İnanır mısınız belki de beş dakika boyunca Başakşehir oyuncuları topu gezdirirken Trabzonsporlular sahada en ufak bir müdahale dahi yapamadan onları adeta tribünde maç seyreder gibi izliyordu. Trabzonspor'da orta saha oyuncusu diye sahada forma giyen bir tek görev yapan oyuncu dahi yoktu.
Liglerin başından beri galibiyet yüzü görememiş olan geçen yılın şampiyonu geldi geldi de Trabzonspor'u hem de kendi sahasında yendi. Hatta skora razı olmayıp maça asılsa idi daha da açık farklı kazanması işten bile değildi. Teknik ve taktik hatta sistem üzerine oynayan bir takıma karşı sen sadece kas gücüne dayalı bir mantıkla sahada var olmaya çalışırsan sonuç budur.
Bu kötü gidişatın ve tablonun müsebbibi teknik sorumlulardan ziyade kesinlikle böyle bir takım kuran Trabzonspor idari yönetimindedir. Başkan Ağaoğlu divan toplantısında kulübü kâra geçirdiğini söylüyor. Eee; sayın başkan böyle bir takım ve ekip kurarsan kâra geçmek elbette pek de fazla bir maharet sayılmasa gerek.

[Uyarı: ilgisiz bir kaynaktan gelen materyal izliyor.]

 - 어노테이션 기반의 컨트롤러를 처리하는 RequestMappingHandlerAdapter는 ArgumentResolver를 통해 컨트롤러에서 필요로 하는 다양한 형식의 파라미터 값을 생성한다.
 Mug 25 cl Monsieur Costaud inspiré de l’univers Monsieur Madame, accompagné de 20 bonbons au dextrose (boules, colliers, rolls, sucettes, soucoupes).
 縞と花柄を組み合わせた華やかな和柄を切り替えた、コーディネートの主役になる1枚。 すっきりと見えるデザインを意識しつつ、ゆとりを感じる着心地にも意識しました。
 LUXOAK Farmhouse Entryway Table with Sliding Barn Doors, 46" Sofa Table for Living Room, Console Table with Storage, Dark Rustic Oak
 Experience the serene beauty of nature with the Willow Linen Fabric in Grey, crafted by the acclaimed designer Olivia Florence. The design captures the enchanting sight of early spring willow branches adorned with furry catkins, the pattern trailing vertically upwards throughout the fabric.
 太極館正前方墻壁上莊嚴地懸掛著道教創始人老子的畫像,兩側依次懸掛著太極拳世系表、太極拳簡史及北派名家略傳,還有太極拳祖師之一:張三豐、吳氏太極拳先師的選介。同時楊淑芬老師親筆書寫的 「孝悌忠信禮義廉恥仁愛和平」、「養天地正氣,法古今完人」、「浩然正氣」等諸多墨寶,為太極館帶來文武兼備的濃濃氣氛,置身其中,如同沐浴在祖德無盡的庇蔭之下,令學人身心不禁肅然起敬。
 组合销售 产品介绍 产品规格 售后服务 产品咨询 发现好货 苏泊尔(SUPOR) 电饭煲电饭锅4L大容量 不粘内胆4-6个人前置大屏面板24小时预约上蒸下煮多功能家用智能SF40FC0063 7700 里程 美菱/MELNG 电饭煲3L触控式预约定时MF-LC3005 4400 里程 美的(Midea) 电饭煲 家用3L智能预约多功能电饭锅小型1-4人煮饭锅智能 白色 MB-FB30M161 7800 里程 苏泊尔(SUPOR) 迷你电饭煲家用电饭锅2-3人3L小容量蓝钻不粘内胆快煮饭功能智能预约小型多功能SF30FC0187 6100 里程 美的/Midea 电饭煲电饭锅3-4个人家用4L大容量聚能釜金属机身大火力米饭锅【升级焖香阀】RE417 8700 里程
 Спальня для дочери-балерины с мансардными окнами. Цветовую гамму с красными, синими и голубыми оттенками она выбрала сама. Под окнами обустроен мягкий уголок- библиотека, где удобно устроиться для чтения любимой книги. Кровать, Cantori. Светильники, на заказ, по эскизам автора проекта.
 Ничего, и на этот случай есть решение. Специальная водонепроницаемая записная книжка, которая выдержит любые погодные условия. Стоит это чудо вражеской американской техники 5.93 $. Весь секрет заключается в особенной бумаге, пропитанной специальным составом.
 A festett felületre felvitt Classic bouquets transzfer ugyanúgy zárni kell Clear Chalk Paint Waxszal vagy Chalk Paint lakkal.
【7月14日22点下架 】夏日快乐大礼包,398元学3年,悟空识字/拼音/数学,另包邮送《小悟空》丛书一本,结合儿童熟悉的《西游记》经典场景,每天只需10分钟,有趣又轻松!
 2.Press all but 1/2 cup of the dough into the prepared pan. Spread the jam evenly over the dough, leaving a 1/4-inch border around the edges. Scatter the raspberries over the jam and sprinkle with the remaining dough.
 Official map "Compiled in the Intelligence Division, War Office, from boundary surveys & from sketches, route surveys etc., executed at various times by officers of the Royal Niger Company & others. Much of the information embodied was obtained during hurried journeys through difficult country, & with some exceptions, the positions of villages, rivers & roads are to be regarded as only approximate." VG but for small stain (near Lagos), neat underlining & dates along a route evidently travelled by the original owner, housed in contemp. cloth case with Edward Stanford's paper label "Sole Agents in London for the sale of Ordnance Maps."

Trabzonspor'un sahadaki bu kötü oyununun sebebi bana göre maç alamama stresine bağlı bir korku ve panik fotoğrafıdır. Korkarım bu psikozdan kurtulamadığı taktirde gelecek haftalarda Trabzonspor'u çok daha kötü sonuçlar bekleyebilir. Gelelim bizim Abdulkadir'e... Abdulkadir, Şenol Güneş seni milli takımda oynatmıyor diye bir sürü taraftar ona sitem ediyordu. Bu oyunla demek ki haklı taraf olan Şenol Güneş imiş. Seni bu durumda milli takım kadrosuna çağırmaması sana daha büyük lütuftur unutma.